Work request –
What you write should match, word for word, the lines from the one containing "[2]景德鎮陶瓷純紅色插花瓶手工復古擺件創意結婚禮品禮物喜慶裝飾品1入" through the end of the data, with no pictures.

+ + +

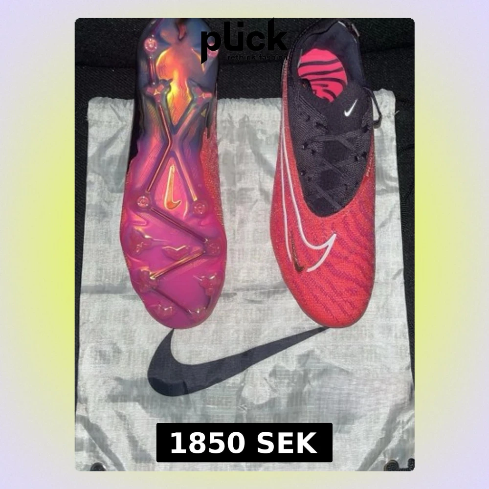 Säljer ett par Nike Phantom GT2 Elite fotbollsskor i röd och svart med vit swoosh. Skorna har snörning, mönstrad ovandel och en cool iriserande sula med dobbar för gräsplan. Ovandelen är i syntetmaterial och innersulan har ett zebramönster i rosa och svart.
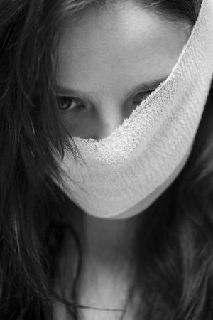 young woman's face covered by a veil
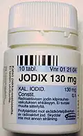 Jodidové pilulky proti ozářeníJodid draselný je také důležitý v ochraně proti radioaktivnímu záření. Ve formě tablet (jodové tablety) se podává preventivně v případě havárií v jaderných zařízeních. Jím způsobená jodová blokáda vede ke snížení absorpce nebezpečného radioaktivního jodu do štítné žlázy.
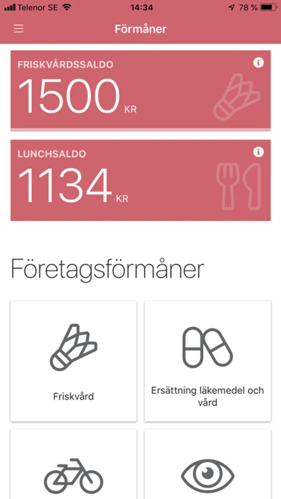 Via appen kan du se allt du är van att se i din förmånsportal, som exempelvis förmånssammanställning, lönespecifikationer eller information om friskvård och andra förmåner och erbjudanden.
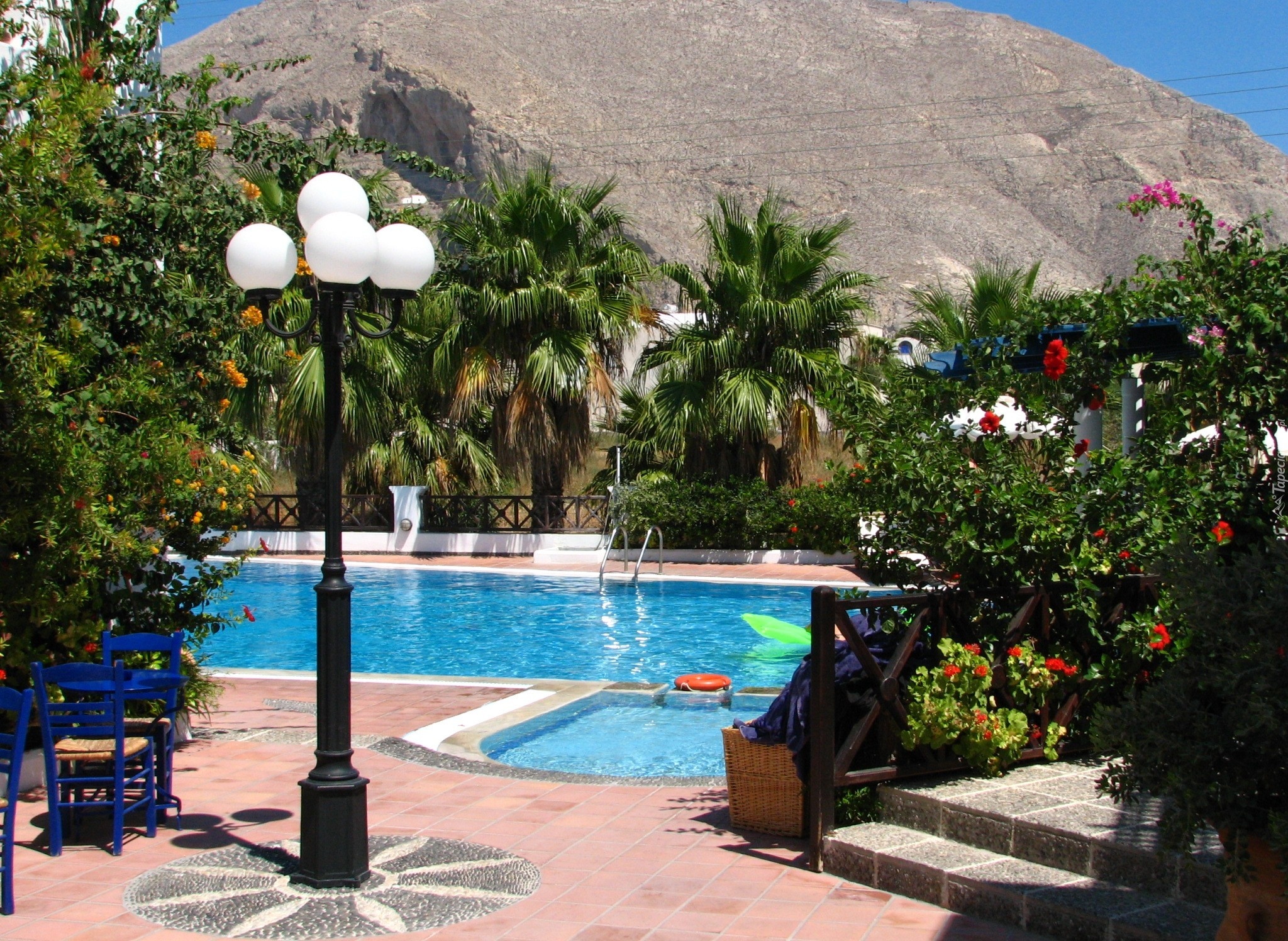 Edytor tapety: Basen, Palmy, Kwiaty, Santorini
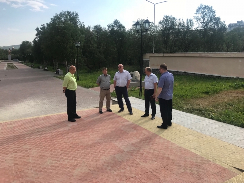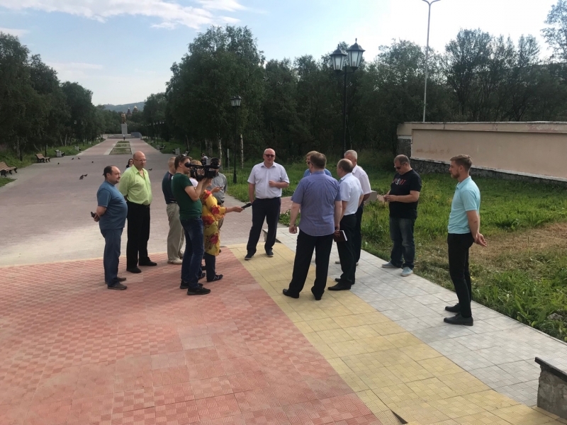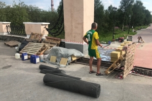 Еще одной точкой еженедельного рейда стал Городской парк. В настоящее время в нем идут работы по ремонту входной группы. Они должны были быть завершены еще неделю назад и за срыв сроков контракта на подрядчика наложат штрафные санкции.
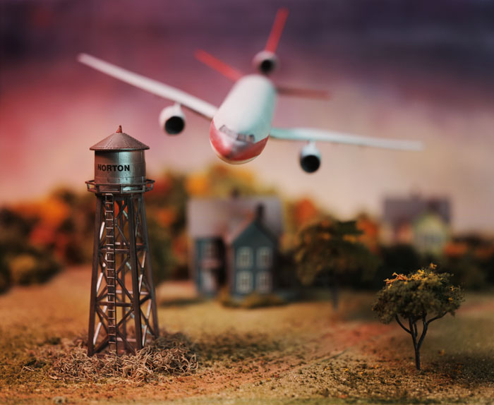 這一組照片《事故中的堪薩斯州》亦是他的最新之作,照片中的堪薩斯州經(jīng)歷著車禍、墜機、雪崩、洪澇、飛艇事故、干旱、蟲災(zāi)、核泄漏、雷擊、颶風(fēng)、火車出軌等一系列事故,可謂多災(zāi)多難,然后在移軸攝影獨特的視角之下,我們看到的是一個孩童般的世界,有著一種對事故處亂不驚的鎮(zhèn)靜。漂亮的色彩和安靜的畫面,不仔細看都讓人忘了實則是一些觸目驚心的災(zāi)難現(xiàn)場,攝影師似乎想以此來讓觀者放寬心,坦然面對自然或人為的變故。
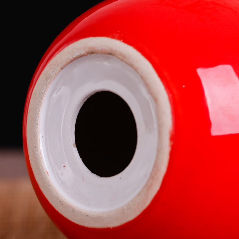 [2]景德鎮陶瓷純紅色插花瓶手工復古擺件創意結婚禮品禮物喜慶裝飾品1入
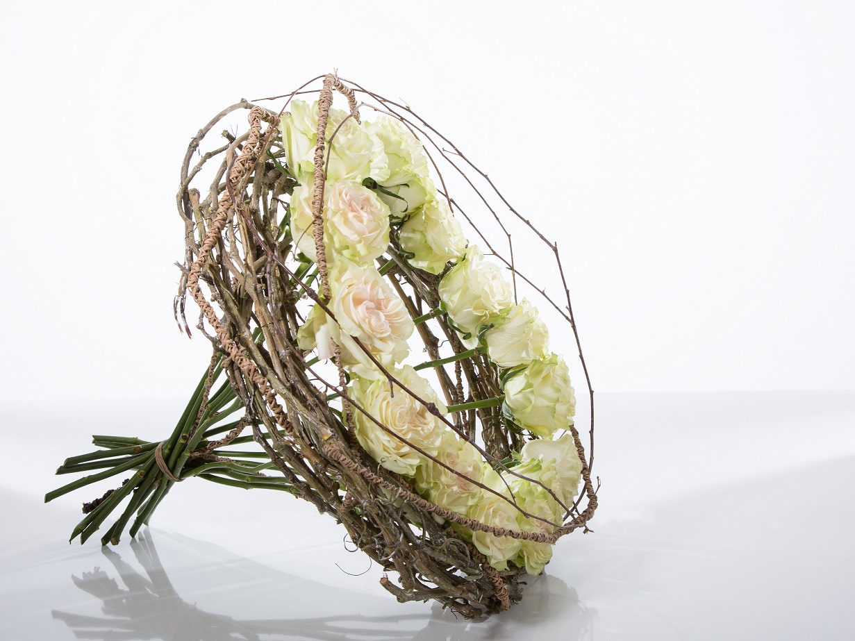 A romantic winter bouquet made by Roos van Unen with beautiful roses from Decofresh. The bouquet breathes space and elegance: a stunning present to give in the winter months. The natural materials create a serene and calm design. It is playfully dressed with some decorative wire which creates a nice effect. Beautiful design.
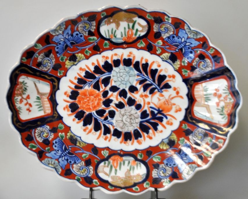 Ovalt Imari fad i porcelæn, 19. årh. Japan.
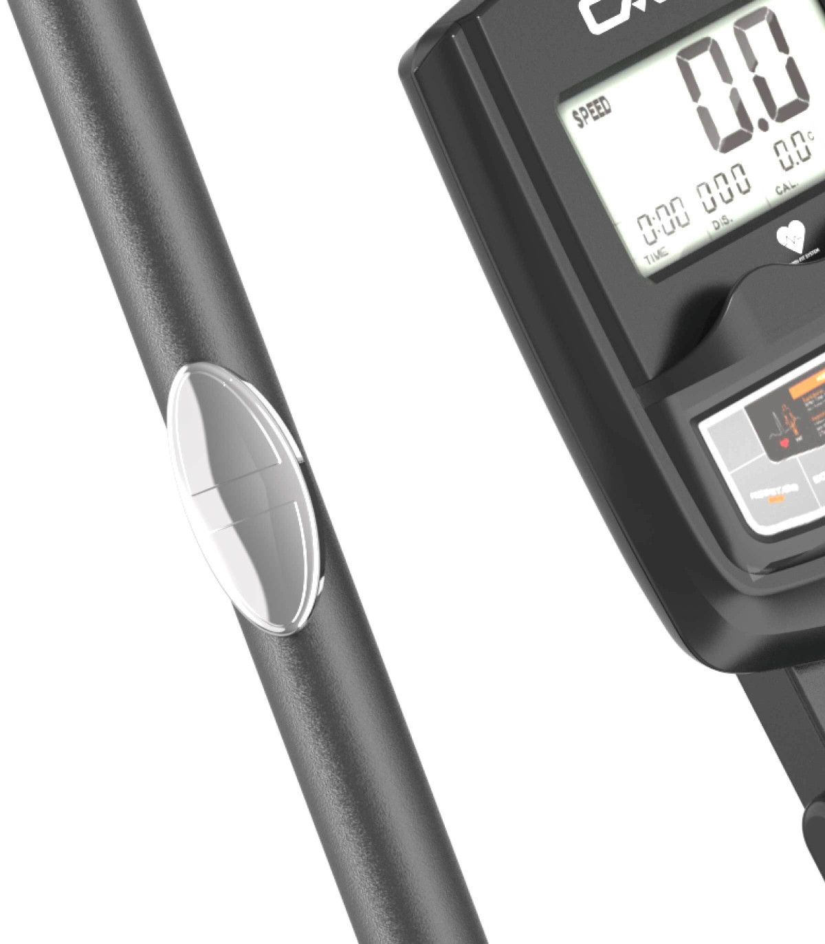 Het geïntegreerde lcd-console toont belangrijke gegevens om uw trainingen te organiseren: verstreken tijd, afgelegde afstand, RPM (aantal stappen per minuut), geschatte verbrande calorieën, BMR (totaal aantal stappen tijdens de sessie), hartslag gemeten door tactiele sensoren, evenals het ontwikkelde vermogen in watt.
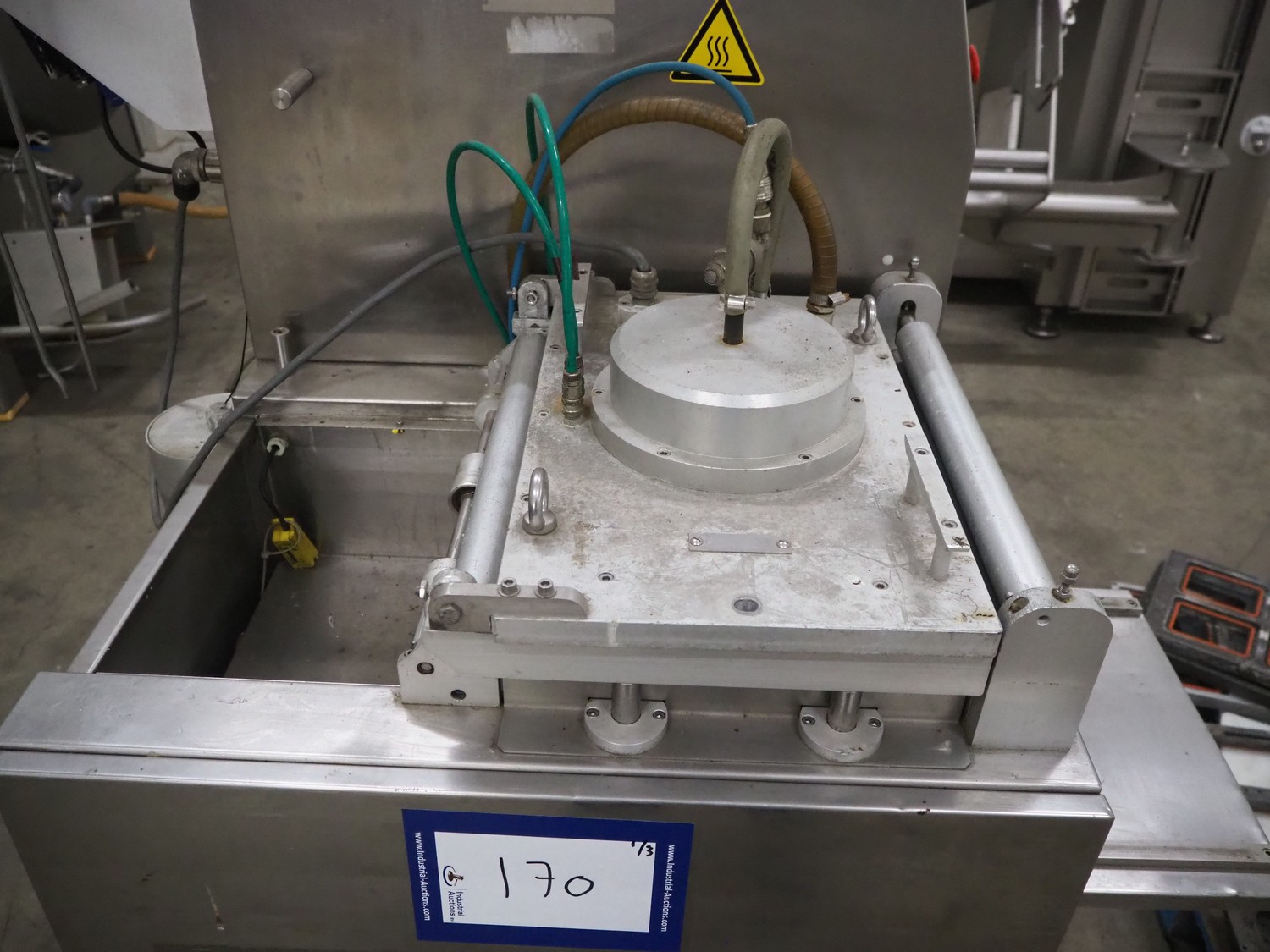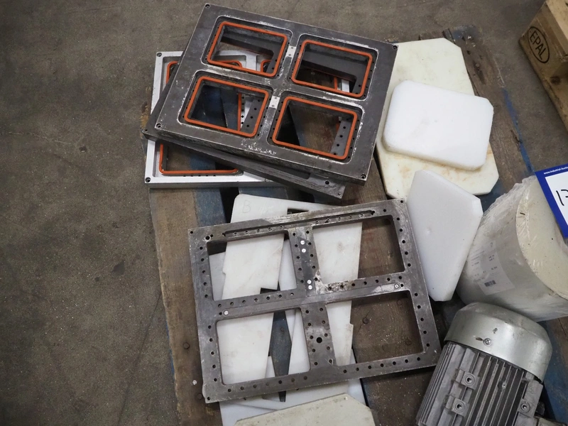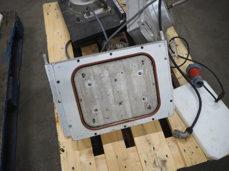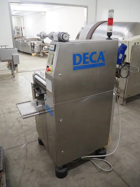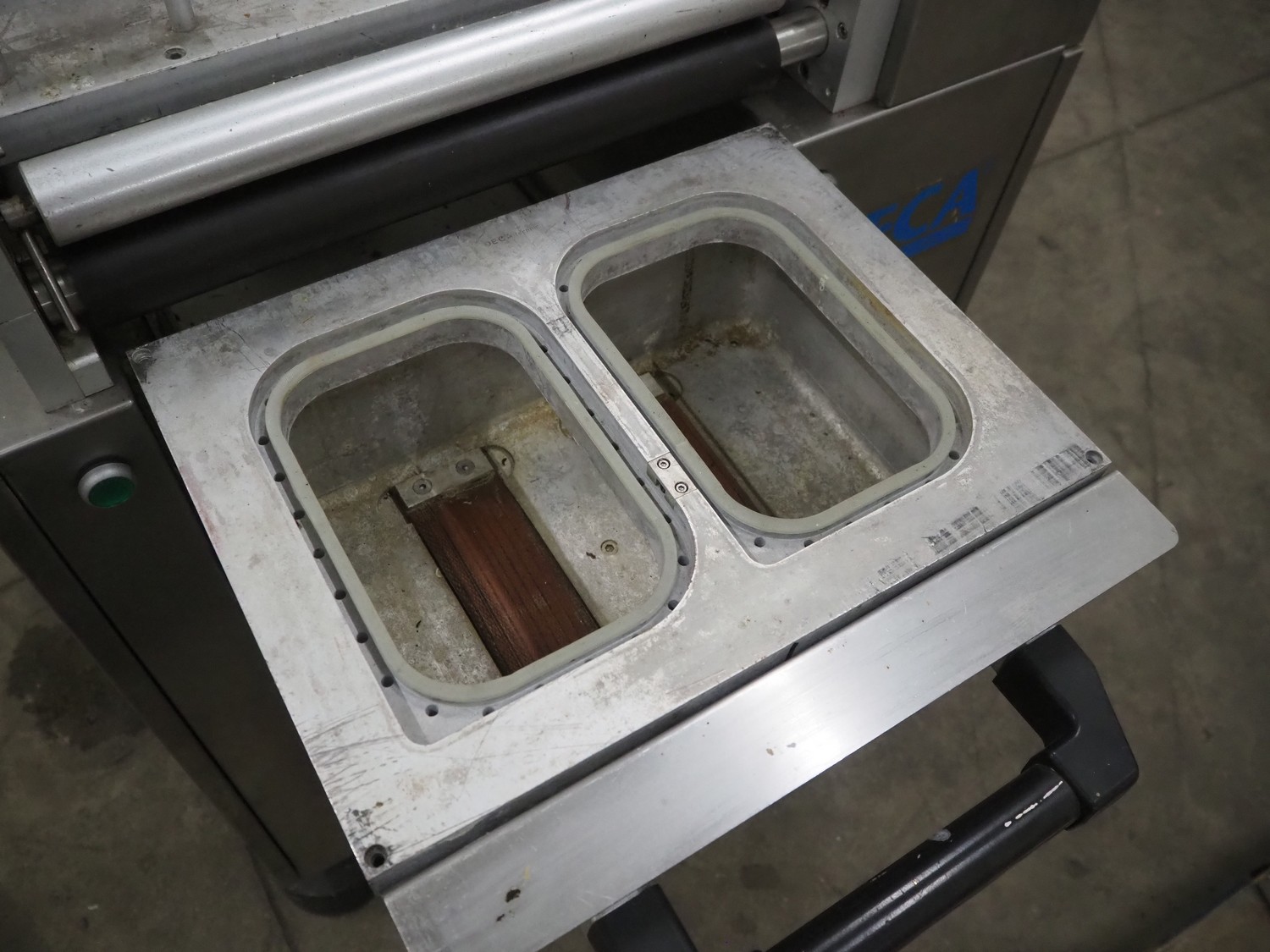 Deca traysealer, type: MECA 900, serial number: S.M. 1201, year of construction: 2001, film width: 270 mm, dimensions dye: (2x) 200 mm x 140 mm, total dimensions: 1400 mm x 800 mm x 1800 mm. Including 2 pallets with parts, dimensions dyes: 220 mm x 150 mm, 280 mm x 180 mm, 320 mm x 270 mm.
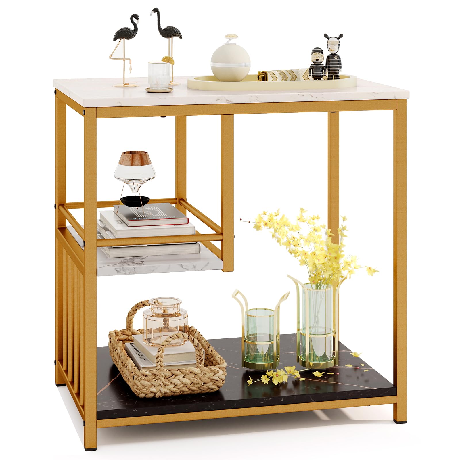 GOFLAME Faux Marble End Table, 3-Tier So... |
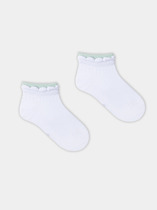рис.3193 Гладкий детский носок с резинкой, средней высоты и рисунком в виде бантика.— Описание у На сайте поставщика

+ + +

Task result –
 [2]景德鎮陶瓷純紅色插花瓶手工復古擺件創意結婚禮品禮物喜慶裝飾品1入
 A romantic winter bouquet made by Roos van Unen with beautiful roses from Decofresh. The bouquet breathes space and elegance: a stunning present to give in the winter months. The natural materials create a serene and calm design. It is playfully dressed with some decorative wire which creates a nice effect. Beautiful design.
 Ovalt Imari fad i porcelæn, 19. årh. Japan.
 Het geïntegreerde lcd-console toont belangrijke gegevens om uw trainingen te organiseren: verstreken tijd, afgelegde afstand, RPM (aantal stappen per minuut), geschatte verbrande calorieën, BMR (totaal aantal stappen tijdens de sessie), hartslag gemeten door tactiele sensoren, evenals het ontwikkelde vermogen in watt.
 Deca traysealer, type: MECA 900, serial number: S.M. 1201, year of construction: 2001, film width: 270 mm, dimensions dye: (2x) 200 mm x 140 mm, total dimensions: 1400 mm x 800 mm x 1800 mm. Including 2 pallets with parts, dimensions dyes: 220 mm x 150 mm, 280 mm x 180 mm, 320 mm x 270 mm.
 GOFLAME Faux Marble End Table, 3-Tier So... |
рис.3193 Гладкий детский носок с резинкой, средней высоты и рисунком в виде бантика.— Описание у На сайте поставщика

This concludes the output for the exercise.